Abhorrence for Stimulants

“Teach your children to abhor stimulants. . . .

“The food is often such as to excite a desire for stimulating drinks. Luxurious dishes are placed before the children,—spiced foods, rich gravies, cakes, and pastries. This highly seasoned food irritates the stomach, and causes a craving for still stronger stimulants. Not only is the appetite tempted with unsuitable food, of which the children are allowed to eat freely at their meals, but they are permitted to eat between meals, and by the time they are twelve or fourteen years of age they are often confirmed dyspeptics. . . .

Especially Injurious Foods

“It is impossible for those who give the reins to appetite to attain to Christian perfection. The moral sensibilities of your children cannot be easily aroused, unless you are careful in the selection of their food. Many a mother sets a table that is a snare to her family. Flesh meats, butter, cheese, rich pastry, spiced foods, and condiments are freely partaken of by both old and young. These things do their work in deranging the stomach, exciting the nerves, and enfeebling the intellect. The blood-making organs cannot convert such things into good blood. The grease cooked in the food renders it difficult of digestion. The effect of cheese is deleterious. Fine-flour bread does not impart to the system the nourishment that is to be found in unbolted-wheat bread. Its common use will not keep the system in the best condition. Spices at first irritate the tender coating of the stomach, but finally destroy the natural sensitiveness of this delicate membrane. The blood becomes fevered, the animal propensities are aroused, while the moral and intellectual powers are weakened, and become servants to the baser passions. The mother should study to set a simple yet nutritious diet before her family.” Ibid., 235, 236.

Counteracting Evil Tendencies

“If children and youth were trained and educated to habits of self-denial and self-control, if they were taught that they eat to live instead of living to eat, there would be less disease and less moral corruption. There would be little necessity for temperance crusades, which amount to so little, if in the youth who form and fashion society, right principles in regard to temperance could be implanted. They would then have moral worth and moral integrity to resist, in the strength of Jesus, the pollutions of these last days.” Ibid., 237.

Irritability and Nervousness

“Regularity should be the rule in all the habits of children.
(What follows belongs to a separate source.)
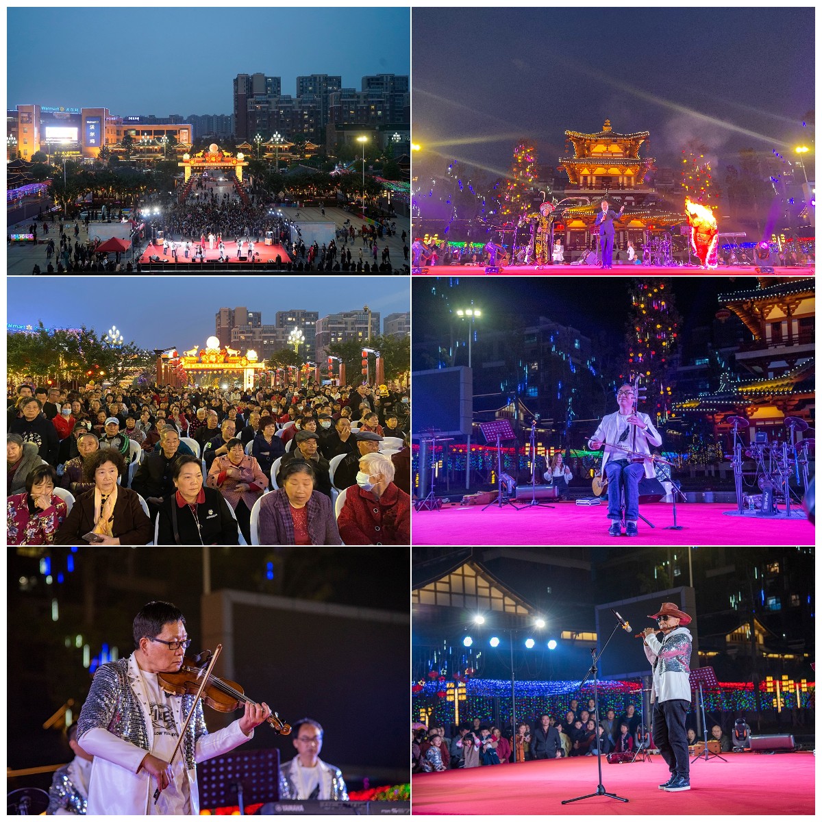 演出由崇州市文化馆轻音乐团的演奏拉开序幕。紧接着,一场川剧变脸点燃了全场的气氛,吸引了不少市民驻足观看,一同观赏这场丰富的文化盛宴。歌曲,舞蹈,乐器演奏,节目形式多样,老少皆宜,不仅有耳熟能详的《青藏高原》《爱你在心口难开》等经典歌曲演唱,还有小提琴、笛子、萨克斯等乐器演奏和精彩的藏族舞蹈,悠扬的歌声在夜空里回荡,绚丽的舞台灯光也给演出营造了良好的氛围。不少市民举着手机拍下精彩瞬间,现场气氛热烈,观众掌声不断。

Mothers make a great mistake in permitting them to eat between meals. The stomach becomes deranged by this practice, and the foundation is laid for future suffering. Their fretfulness may have been caused by unwholesome food, still undigested; but the mother feels that she cannot spend time to reason upon the matter, and correct her injurious management. Neither can she stop to soothe their impatient worrying. She gives the little sufferers a piece of cake or some other dainty to quiet them, but this only increases the evil.” Ibid., 242.
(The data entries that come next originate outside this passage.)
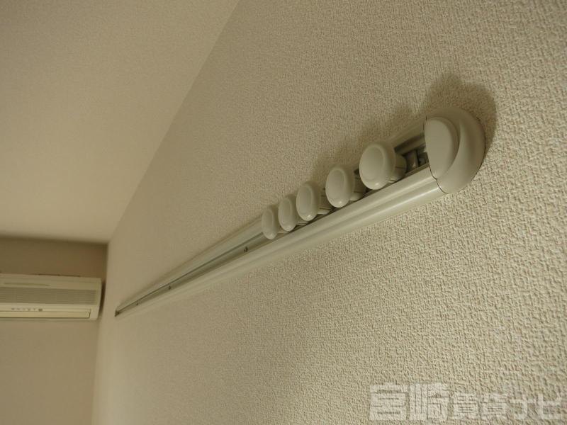 | 設備 | 水道:公営、 ガス:有(プロパンガス・集中)、 排水:公共下水、 角部屋:有(専用)、 給湯:有(ガス)、 こんろ:有(ガス)、 バス・トイレ別:有(バストイレ別)、 バス:有(専用)、 トイレ:有(専用/水洗)、 シャワー:有、 シャンプードレッサー:有、 独立洗面台:有、 洗濯機置場:屋内、 温水洗浄便座:有、 インターホン:有(TVモニタ付)、 フローリング:有、 バルコニー:有 | ||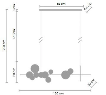 Orion Long wyposażona jest w 11 punktów świetlnych LED na oprawkach G4 o mocy 5 W każda, co gwarantuje jasne, a jednocześnie energooszczędne oświetlenie. Transparentne szklane kule subtelnie rozpraszają światło, tworząc przyjemną atmosferę bez efektu olśnienia – idealną do codziennego relaksu, rodzinnych spotkań czy pracy przy kuchennym blacie.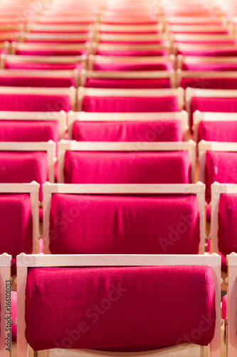 Fototapeta premium Rzędy pustych, czerwonych, aksamitnych siedzeń wewnątrz kościoła, stadionu,...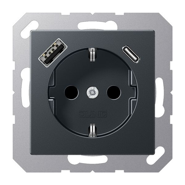 | Kurzbeschreibung | SCHUKO®-Steckdose, 16 A 250 V ~, mit USB-Ladegerät, 1 x Typ A + 1 x Typ C, SAFETY+, Serie A, anthrazit matt |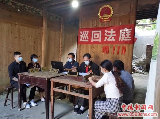 “现在开庭!”近日,周宁县人民法院咸村人民法庭法官一行走进玛坑乡芹太坵村,开庭审理了一起邻里纠纷案件。(文/图 李慧)

Diet and Moral Development

“The power of Satan over the youth of this age is fearful. Unless the minds of our children are firmly balanced by religious principle, their morals will become corrupted by the vicious examples with which they come in contact. The greatest danger of the young is from a lack of self-control. Indulgent parents do not teach their children self-denial. The very food they place before them is such as to irritate the stomach. The excitement thus produced is communicated to the brain, and as a result the passions are aroused. It cannot be too often repeated, that whatever is taken into the stomach affects not only the body, but ultimately the mind as well. Gross and stimulating food fevers the blood, excites the nervous system, and too often dulls the moral perceptions, so that reason and conscience are overborne by the sensual impulses. It is difficult, and often well-nigh impossible, for one who is intemperate in diet to exercise patience and self-control. Hence the special importance of allowing children, whose characters are yet unformed, to have only such food as is healthful and unstimulating. It was in love that our heavenly Father sent the light of health reform to guard against the evils that result from unrestrained indulgence of appetite.” Ibid., 243.